Ori Lev, a lawyer at D.C.-based firm Mayer Brown and former deputy enforcement director at the CFPB, said the agency’s actions in the student loan space have helped raise the profile of the issue, much like the impact of its enforcement in the mortgage servicing market.
Consumer advocates say the CFPB’s impact has gone far beyond the enforcement actions it has taken against specific institutions and that the agency has played a key role in uncovering and publicizing abuses affecting student borrowers. The CFPB launched a complaint reporting system for student borrowers that provided an outlet for victims of shady dealings to report problems where they had none before. And the bureau is drafting a Payback Playbook to help guide borrowers through an overwhelming number of choices for payment plans.
“They’ve done a really great job highlighting a lot of the abuses in the for-profit [industry] and in the servicing sphere,” said Persis Yu, director of the National Consumer Law Center’s Student Loan Borrower Assistance Project. “Having a national agency able to take complaints nationwide and able to do investigations that private citizens are not able to do has been very meaningful in this sphere.”

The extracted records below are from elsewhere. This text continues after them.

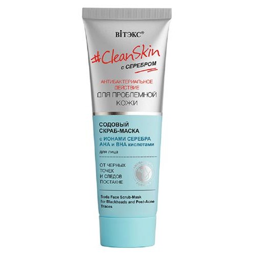 Скраб-маска для лица Витэкс #Clean Skin с серебром для проблемной кожи Содовый от черных точек и следов постакне, 75 мл (kastd) в магазинах Ашан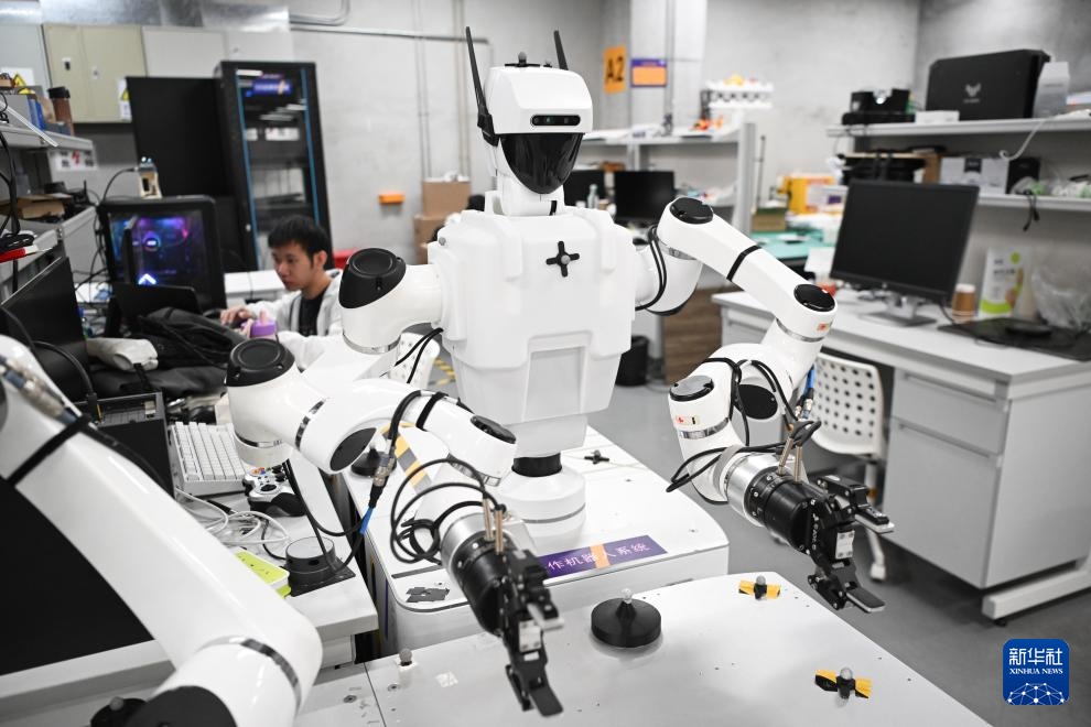 這是6月25日,在深圳的廣東省具身智能機器人創(chuàng)新中心拍攝的雙臂協(xié)作機器人系統(tǒng)。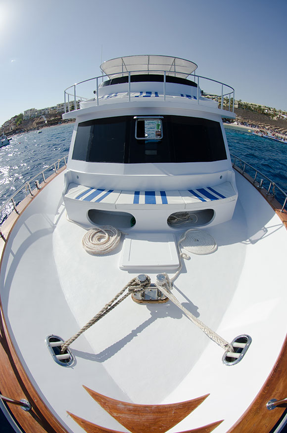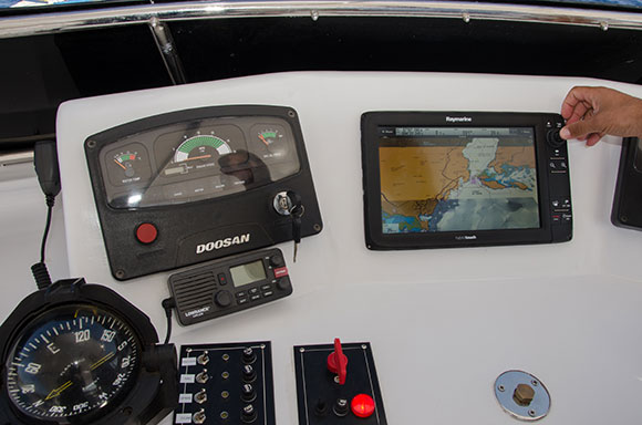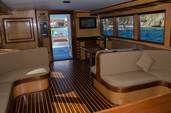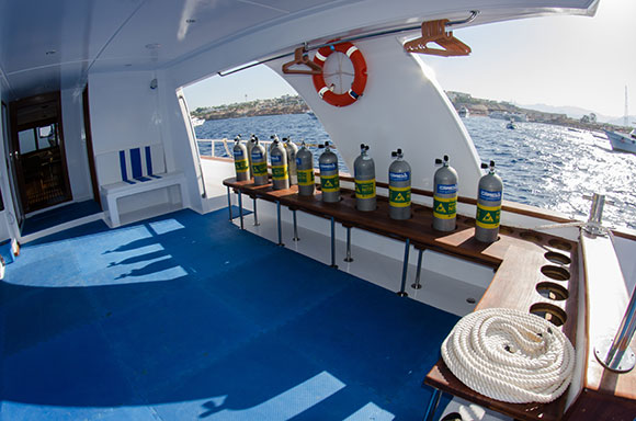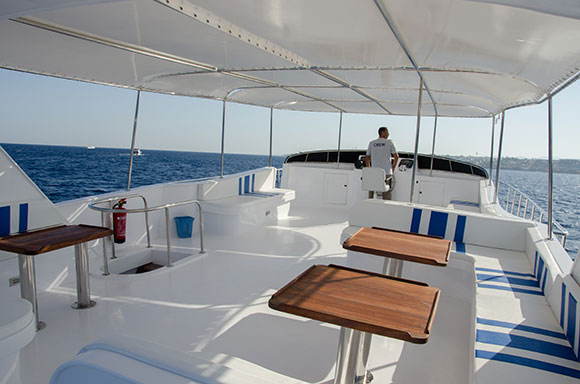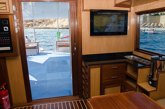 Navigatori satellitari di ultima generazione che indicano la posizione in tempo reale su uno schermo a disposizione di tutti; una videocamera che trasmette in diretta le immagini subacquee nella TV a schermo piatto da 32 pollici ubicata nel salone interno; ma soprattutto una videocamera posizionata nel ponte di poppa, che consentirà al comandante di monitorare l’ingresso in acqua dei sub e la risalita in barca. Un accorgimento ideale per le immersioni in corrente che a Sharm sono frequenti, garantito anche durante le uscite notturne grazie alla luce a infrarossi.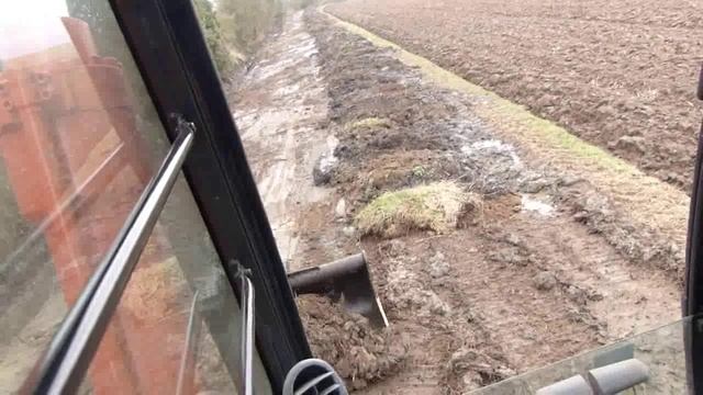 Вид из окна экскаватора на то, как работает ковш и капает земелю траншею

Influence on Other Regulators
The bureau has pushed other agencies to become more forceful in their own enforcement of those sectors as well, observers said, both through the influence of key personnel and a lead CFPB role in federal interagency collaborations. They say the agency’s leadership has helped push other agencies, like the Education Department, to take a more active regulatory role in the for-profit and student loan servicing areas.
Rohit Chopra, the agency’s first student loans ombudsman, joined the U.S. Department of Education in January as special adviser to Education Secretary John King Jr. He previously was a senior fellow at the Center for American Progress after leaving CFPB. (Chopra this month moved to the Hillary Clinton campaign’s transition team.)
“The CFPB is not just an amorphous institution. It’s made up of people with ideas and priorities,” Downey said.
Downey observed that CFPB has thus had a direct influence on the department through former employees like Chopra. But it’s also influenced the department with sharing of information and competition for enforcement and jurisdiction, factors reflected in recent steps by the department.
The Department of Education in July launched a federal student aid feedback system. The department has also taken a more forceful role in enforcement on for-profit college and student loan servicing issues. The two agencies collaborated with the Treasury Department to release in July a set of customer service standards for student loan servicing companies.
In 2014, an interagency task force launched to build on the work being pursued separately by the Federal Trade Commission, the Securities Exchange Commission, the Departments of Justice, Treasury and Veterans Affairs, and the CFPB. Many cited the task force as driving investigations and enforcement actions in the for-profit sector. Secretary King has become increasingly outspoken on for-profits in particular, even using the denial of nonprofit status for one institution as a warning to other colleges looking to dodge federal oversight.
Downey said the Department of Education’s involvement in the sector hasn’t been a question of the tools available but the willingness of its leaders to go after the sector.
“This not a question of law or jurisdiction,” he said. “It’s a question of political will.”
Role Going Forward
It’s not clear what role the CFPB will continue to play in oversight of for-profits. In investigations involving ITT and Corinthian, the agency targeted private student loans facilitated by the institutions.
“The hook for CFPB’s jurisdiction -- at least predominantly for the for-profit side -- has been the for-profit’s willingness to make their own [private] loans, to be lenders, or at the very least to facilitate a private loan scheme,” Downey said.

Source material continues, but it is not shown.